## STORED DATA
=== Begin Enclosure ===

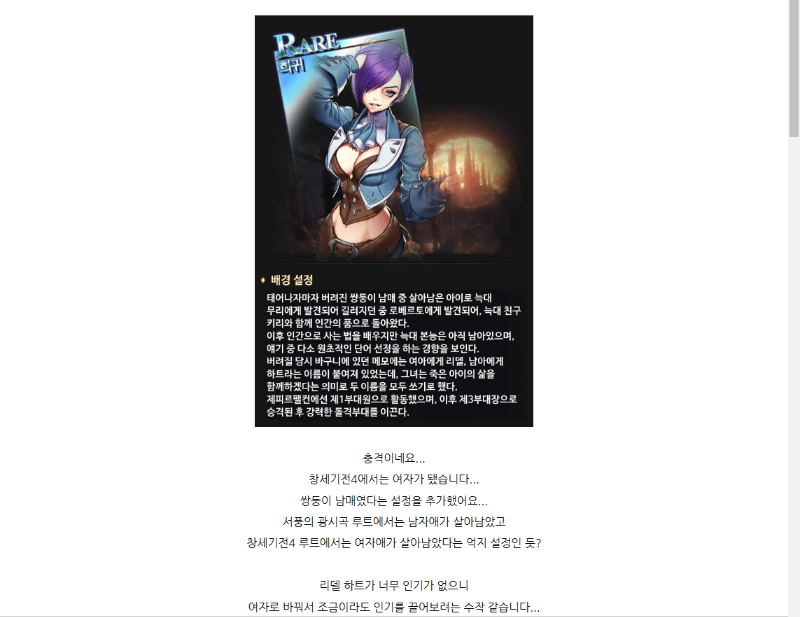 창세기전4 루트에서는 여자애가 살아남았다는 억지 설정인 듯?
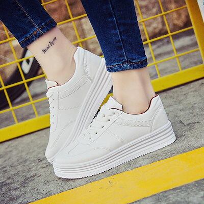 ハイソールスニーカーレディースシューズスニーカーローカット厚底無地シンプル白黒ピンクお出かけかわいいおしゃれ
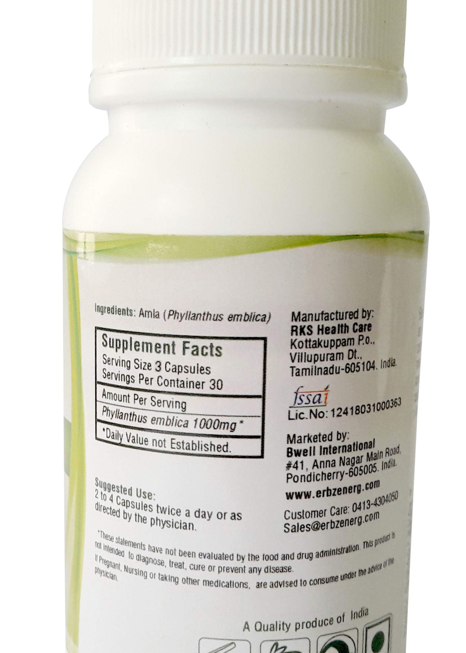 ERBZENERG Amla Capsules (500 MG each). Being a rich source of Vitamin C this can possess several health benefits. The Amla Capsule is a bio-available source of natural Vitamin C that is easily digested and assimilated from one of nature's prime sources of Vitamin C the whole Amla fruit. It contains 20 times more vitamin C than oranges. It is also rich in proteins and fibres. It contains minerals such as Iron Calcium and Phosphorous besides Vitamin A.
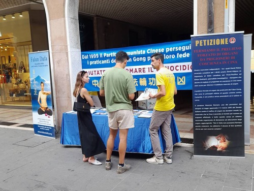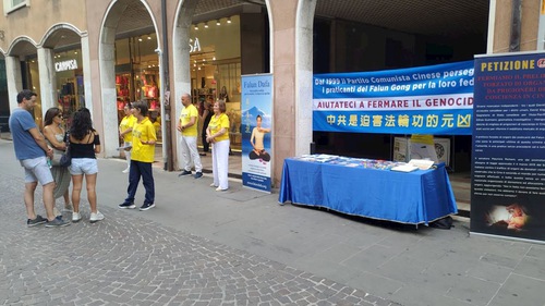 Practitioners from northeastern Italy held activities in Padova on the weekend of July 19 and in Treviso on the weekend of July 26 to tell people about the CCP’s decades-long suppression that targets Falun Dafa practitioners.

=== End Enclosure ===
=== Begin Enclosure ===

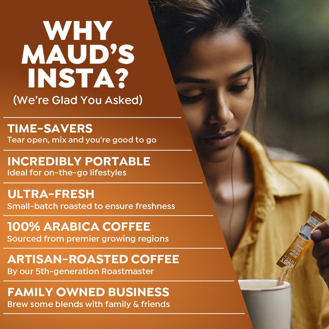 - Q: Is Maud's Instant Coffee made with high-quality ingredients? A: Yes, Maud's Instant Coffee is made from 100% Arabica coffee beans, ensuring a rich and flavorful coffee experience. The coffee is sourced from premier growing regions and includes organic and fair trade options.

=== End Enclosure ===

## EXERCISE DETAILS
In the records above, find the line with "창세기전4 루트에서는 여자애가 살아남았다는 억지 설정인 듯?" and the line with "Practitioners from northeastern", then restate word for word only those two lines and all lines between, omitting pictures.

## RESULT OF THE EXERCISE
 창세기전4 루트에서는 여자애가 살아남았다는 억지 설정인 듯?
 ハイソールスニーカーレディースシューズスニーカーローカット厚底無地シンプル白黒ピンクお出かけかわいいおしゃれ
 ERBZENERG Amla Capsules (500 MG each). Being a rich source of Vitamin C this can possess several health benefits. The Amla Capsule is a bio-available source of natural Vitamin C that is easily digested and assimilated from one of nature's prime sources of Vitamin C the whole Amla fruit. It contains 20 times more vitamin C than oranges. It is also rich in proteins and fibres. It contains minerals such as Iron Calcium and Phosphorous besides Vitamin A.
 Practitioners from northeastern Italy held activities in Padova on the weekend of July 19 and in Treviso on the weekend of July 26 to tell people about the CCP’s decades-long suppression that targets Falun Dafa practitioners.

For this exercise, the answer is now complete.